Simple caching libraries often lack event-driven invalidation, while ORM-integrated solutions are tied to specific frameworks and struggle with non-ORM traditional data format which still can hold entity references across other services - a quite common case. This lightweight library fills that gap.

ORM limitations

Unlike ORM-specific caching tools, this library supports any data format—Django models, SQLAlchemy objects, or plain dictionaries—without tying you to a framework. It abstracts ORM internals, enabling caching and invalidation with just a data reference.
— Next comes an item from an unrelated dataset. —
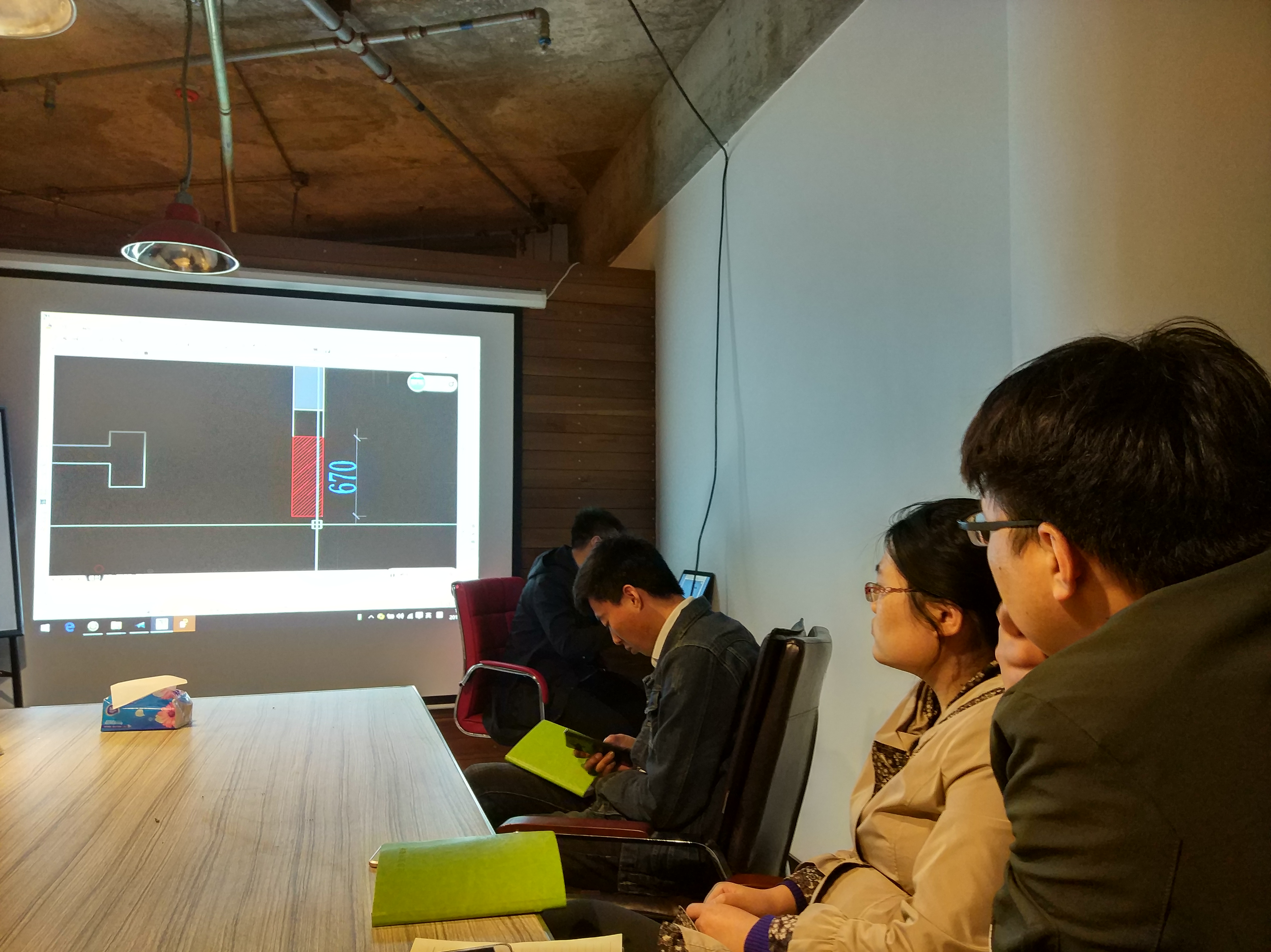 交流学习会分为两个部分:第一部分重在交流,周丹、魏庆森和桑媛老师与来自乾图室内设计工作室的设计师、业务员面对面交流,交换了各自对本行业现状与发展趋势的独到见解,了解了更多目前在室内设计实际工作中比较先进的设计理念和施工工艺;第二部分重在学习,由资深设计师吴老师主讲,以实际工程案例的形式对具体设计、软件应用、施工工艺、预算报价等方面,在工程全过程中遇到的问题做了详细的讲解。

Write-Through vs. Read-Through Tradeoffs

Write-through caching keeps data consistent but couples your read and cache layers together, complicating each read component in a different way. On the other side, plain read-through caching can leave you with stale data. This library blends read-through caching with event-driven invalidation to deliver near real-time consistency, without lock-in.

What it does?

This library provides the classic and convenient read-through caching decorator for your functions with significant enhancement. When an entity is updated, it traces all function calls containing this entity and clears the cache either automatically or manually, as long as you provide the reference to track it in function decorator. It integrates seamleassly into your existing codebase—unlike write-through caching—and supports a wide range of data structures, including Django ORM models, SQLAlchemy objects, or basic lists of dictionaries, with minimal overhead. This approach allows to use write-around caching very effectively by tracking all invalidation points across your platform while maintaining the same flexibility of read-through cache

Advanced Usage

Cross-Service Caching

No special treatment needed, it just works! As an example, given that you use same prefix in all of your services, on update of the particular user - cache is able to identify all function call points that it needs to invalidate for a given user.

# In service A

UserEntity = "user"
@cache(entity=UserEntity)
def get_user_from_auth(user_id):
    # get data from service C or any source basically
    return {"id": user_id, "name": "Sam Jones"}

get_user_from_auth(1) # cached now, and "user" = 1 now references function with this parameter

# In service B
UserEntity = "user"
@cache(entity=UserEntity)
def get_filtered_users(user_ids):  # Completely different function, but same logical entities
    
    return [{"id": user_ids[0], "name": "Sam Jones"}, {"id": user_ids[2], "name": "Another Sam Jones"}]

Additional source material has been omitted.